The Worcestershire BRC remains a key element in the development of recording in the county but, as with so many projects, progress at times seems painfully slow. However, progress is being made and this is particularly so with getting data from the card files onto computer. Martyn Hodgson, John Partridge and others have put many hours each into data input and there is now an impressive range of records in the database. I am hoping Martyn will be writing a short article to bring you more completely up to date which will give you the current total of records available. I wanted to express thanks on behalf of all of us involved in recording for the hard work which John Meiklejohn, John Partridge, Martyn Hodgson, Patrick Taylor and others have put into maintaining the centre and bringing the computer database to a point where we can really begin to think in terms of using the information for publications. Thanks are also due to the Worcestershire County Council and the Wildlife Trust for funding a much needed upgrade the BRC computer hardware. If the old system had continued in use much longer I think a few nervous breakdowns might have resulted! We now have Recorder 2000 installed and John Partridge in particular is familiarising himself with this new version which hopefully will be a lot more user friendly than the original Recorder.
The other important matter to report is that the Somerset Environmental Records Centre has been appointed to produce a development plan for the centre. This study is being funded by English Nature, Worcestershire County Council and the Worcestershire Wildlife Trust. Many of you will be aware that this is taking place, having been invited to the initial discussion meeting at Bishopís Wood Centre. There has been some slight slippage with the timetable but interviews with people involved in biological recording and with potential users of data are taking place and we will be expecting the final report by the end of the financial year. All being well, I will be able to give a verbal update at the recorderís meeting in March, which I would encourage everyone to attend.
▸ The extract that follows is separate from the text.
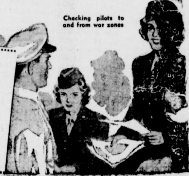
Checking pilots to and from war zones

SINCE 1900 Minter's LEADERS IN STYLE! ABILENE, TEXAS

These meetings have proved enjoyable and informative in previous years and are establishing themselves as an important event in the naturalists calendar. Because the support for recording in Worcestershire is so good we are also managing to attract speakers of national importance.
I think these two matters cover the main areas of development so may I finish by once more encouraging everybody to send in records. The quality of the database will only be as good as the quality and quantity of data submitted and we really do need a continuous flow of information. All we need is what has been seen, who saw it, when it was seen and where (preferably with a grid reference). We remain desperately short of records, even for common species, across much of the county. Good hunting!